At the conclusion of each day, Eucharistic concelebrations presided over by S. Em. Card. Marcello Semeraro, Prefect of the Dicastery for the Causes of Saints, by S. E. Msgr. Rino Fisichella, Pro-Prefect of the Section for Fundamental Questions of Evangelization in the World, and by S. Em. Card. Mario Grech, Secretary General of the Secretariat of the Synod of Bishops.

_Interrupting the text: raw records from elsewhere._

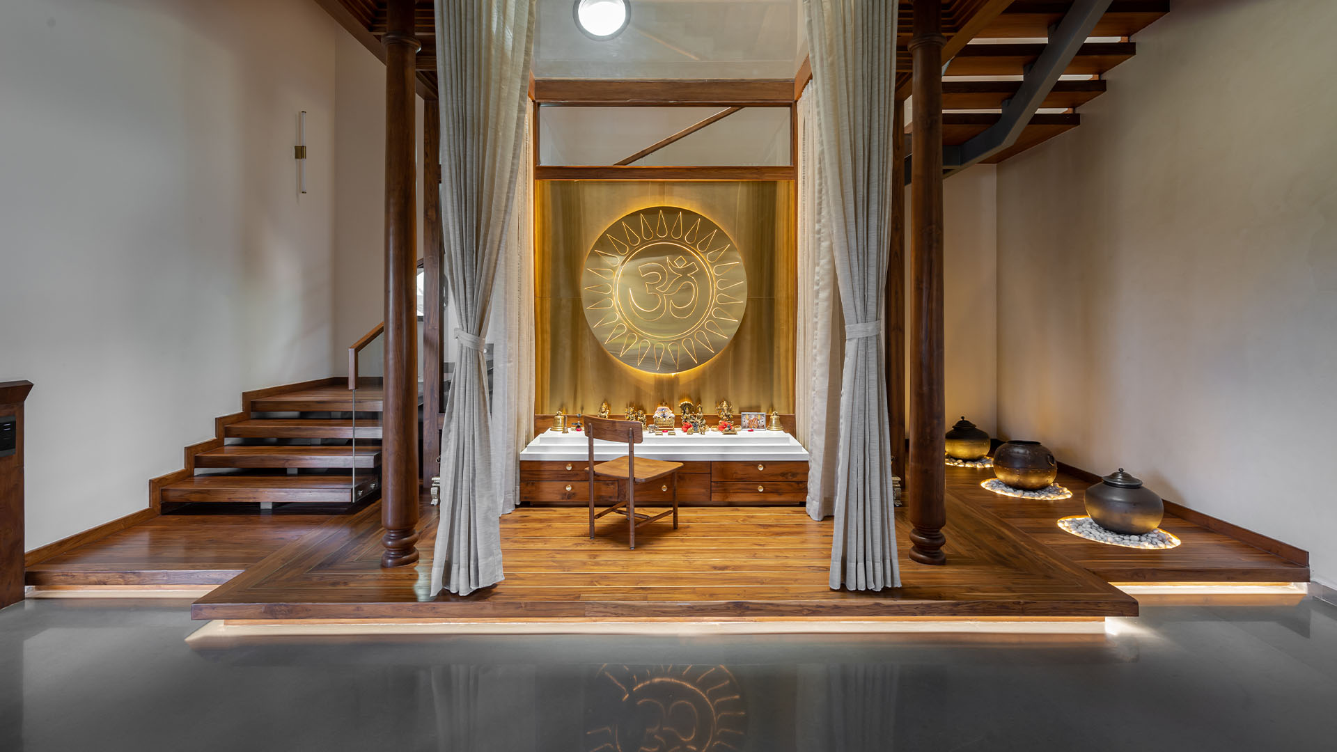 Concrete and granite sketch a bold outline, but inside, the mood softens. Light slips through cut-outs and tall windows, falling gently on stone flooring and wooden details. At the centre sits a temple, steady and grounding, with life unfolding around it in measured layers.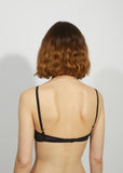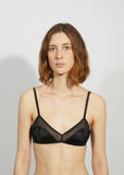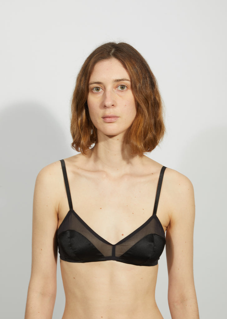 Black silk-chiffon bralette with darted silk-charmeuse soft-cup inserts and fully adjustable shoulder straps.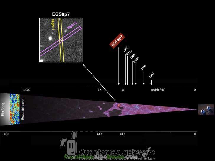 Los investigadores han explicado que, al comienzo, los átomos de hidrógeno habrían sido absorbidos por la luz emitida de las primeras galaxias. Esta emisión UV se calienta y produce una línea conocida como línea Lyman – alfa (nube de hidrógeno con una enorme concentración de gas), esto significa que la hace más luminosa. Antes de la «EGS8p7», la galaxia más lejana tenía un corrimiento al rojo de 7,73, pero tras este nuevo descubrimiento lograron detectar que esta tiene un corrimiento al rojo de 8,68.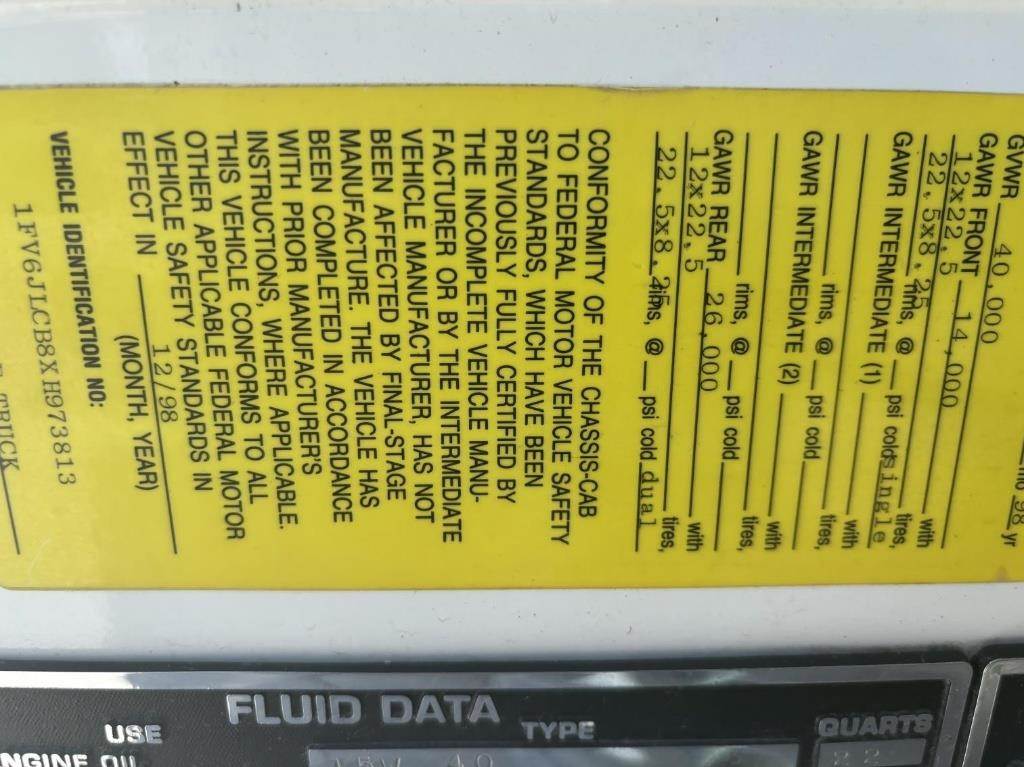 ***Buy It Now Price: $44000*** Location: Cascade, IA Cummins Diesel Powered Motor, Allison Automatic Transmission, GVWR: 40000LB, 14000LB Front Axle, Darley 1250 GPM Pump, 1000 Gallon Poly Tank, 3 Intakes, 6 Discharges, Deck Gun, Pump Tested, Multiple Door Storage, Mounted Removable Ladder, 4 Passenger, Enclosed Cab, Heat and A/C, 12R22.5 Front Tires and Rears, Pump Hours Shown: 208, VIN: 1FV6JLCB8XH973813 Miles Shown: 17550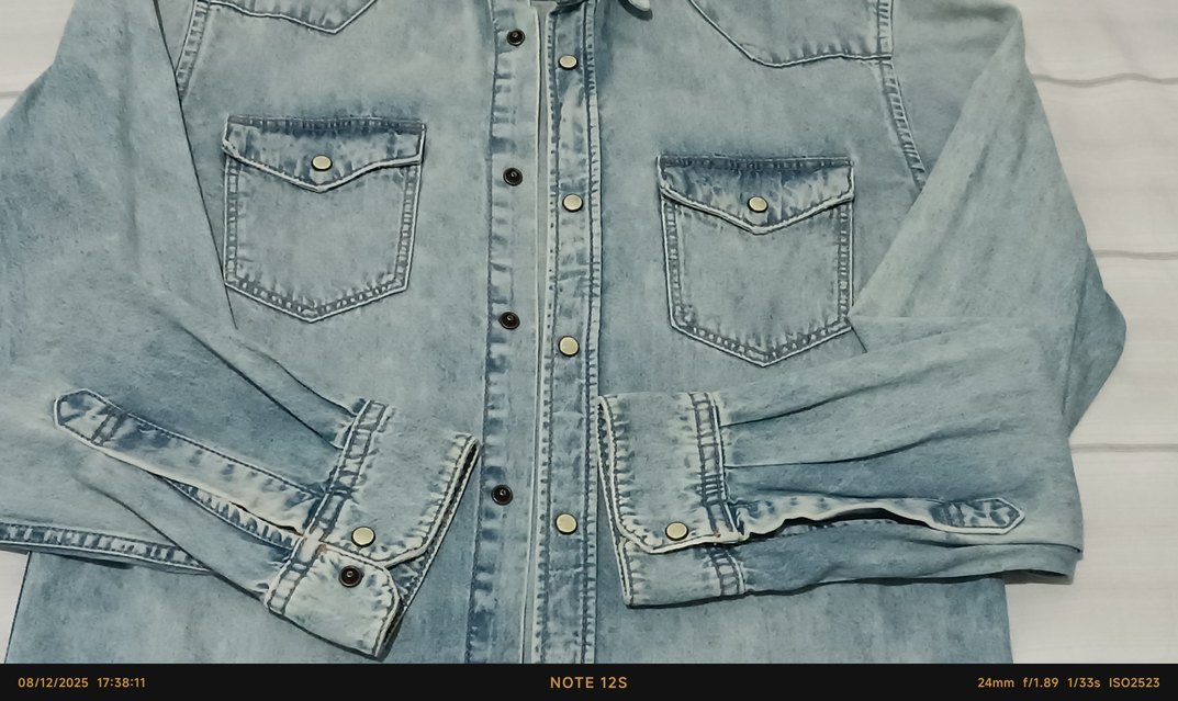 çıtçıt Düğmeli, uzun kollu, yaka detaylı açık mavi erkek denim ceket. Normal midi boyda, günlük sokak stiline uygun. tertemiz bir üründür...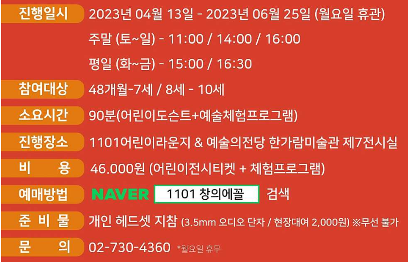 1101 창의에꼴 검색 후 네이버 예약을 했구요, 예술의전당 내에 위치한 1101 어린이라운지 로 가서 대기했어요.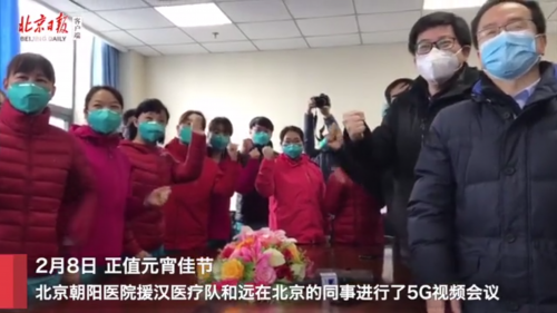 通过华为WeLink的云视讯和5G技术,北京朝阳医院与武汉协和医院西院区的两间会议室联成了一体。隔着屏幕,后方医护人员、家属也为前线送去了节日的祝福。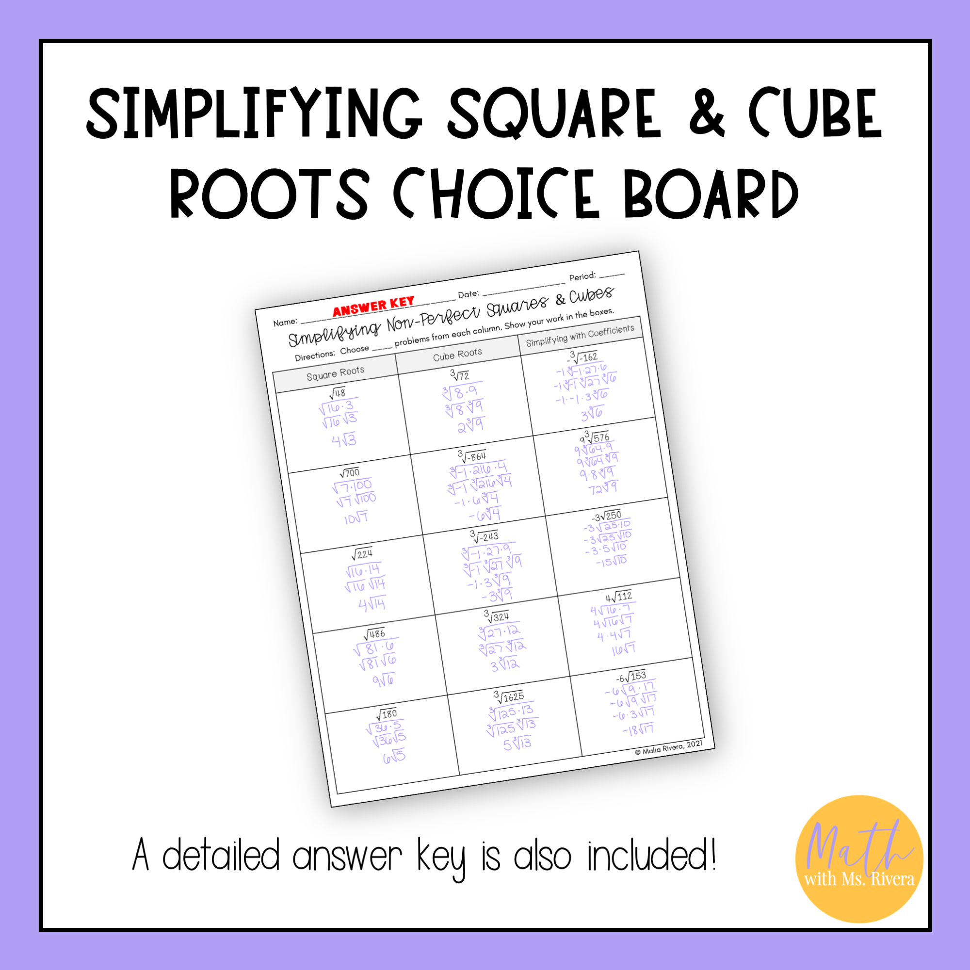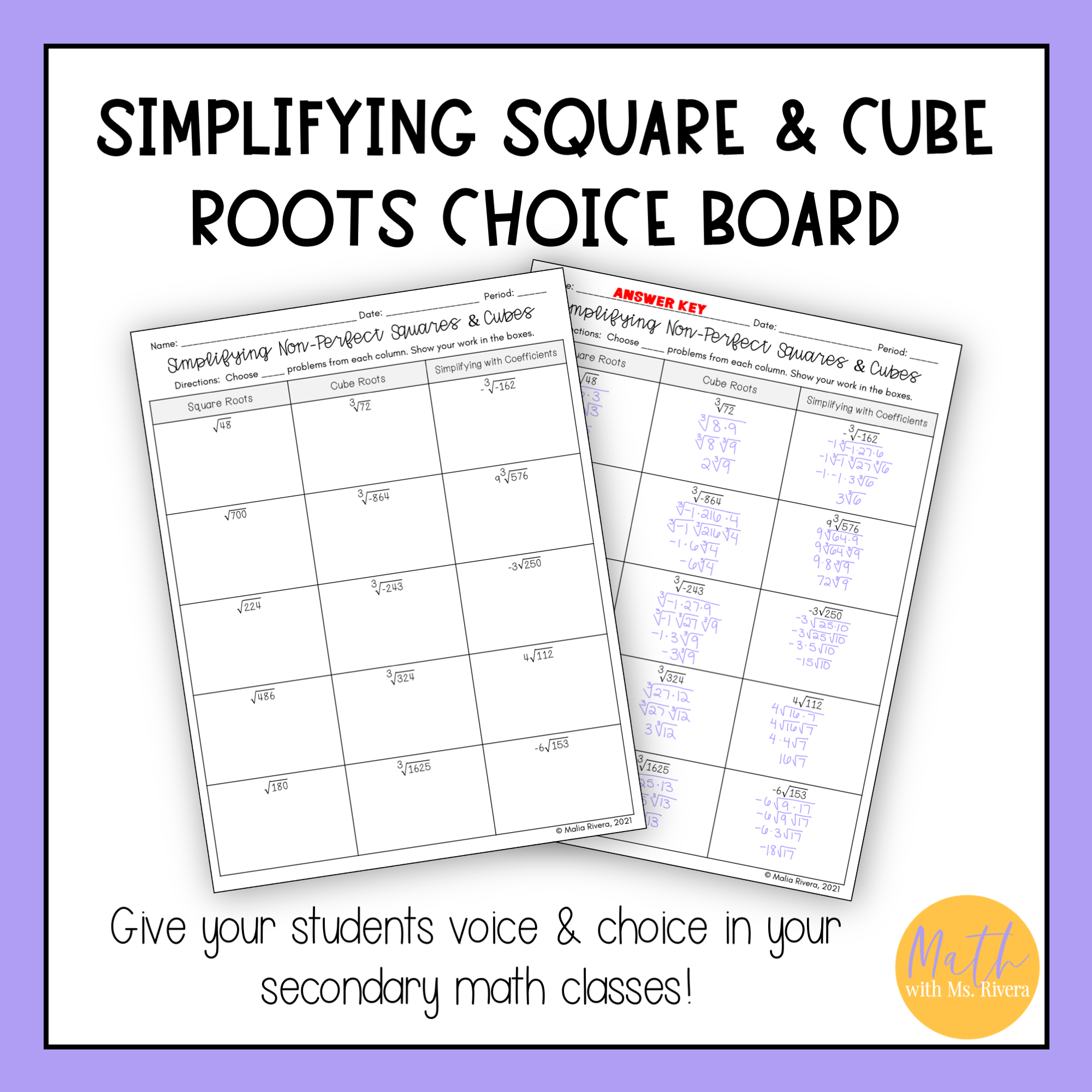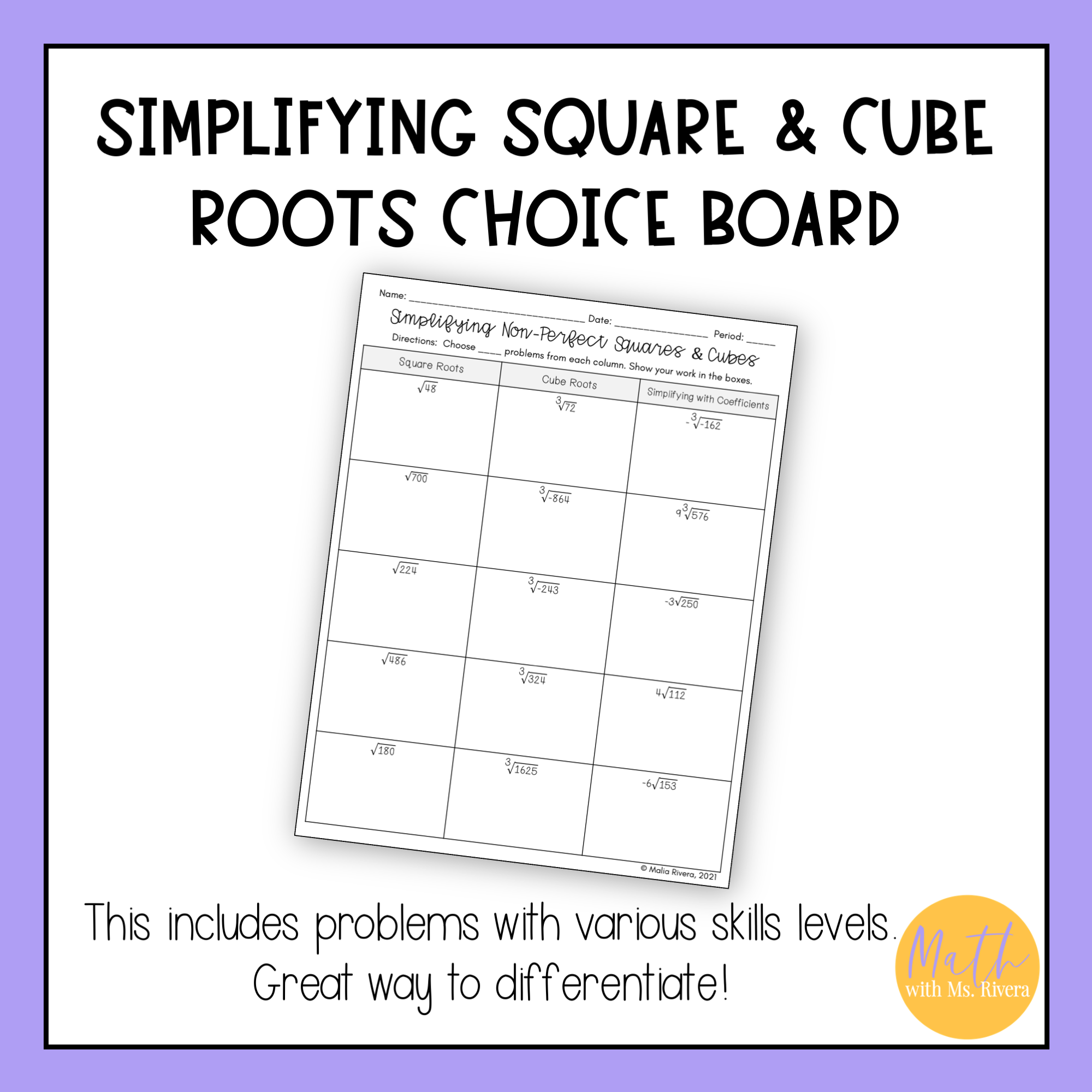 Simplifying Radical Expressions Square & Cube Roots Worksheet Choice Board

At the end of the four days S. E. Msgr. Claudio Giuliodori, General Ecclesiastical Assistant of the Università Cattolica and President of the Bishops Commission for Catholic Education, Schools and Universities, delivered the conclusions of the seminar: “During these four days,” the bishop said, “we shared a very intense program, addressing issues that contribute to the growth of each of us and the entire university community. We have developed an intense inter- and transdisciplinary dialogue addressing knowledge that, with the help of theology and ethics, becomes living wisdom and a guarantee of growth for each person and for society as a whole. Hope is a living memory of the future, and the future is not uncertainty, but expectation of a fulfilment already in being and at the same time in becoming: in this perspective, as the Athenaeum of Italian Catholics, we are called to participate in the jubilee event in order to go even deeper into the dynamisms of both the ecclesial community and social reality. The world faces continuous and difficult challenges, but it continues to be generative precisely because of the hope that for us is certain and firmly rooted in Christ, as St. Paul states in his letter to the Romans (cf. 8:22-25).”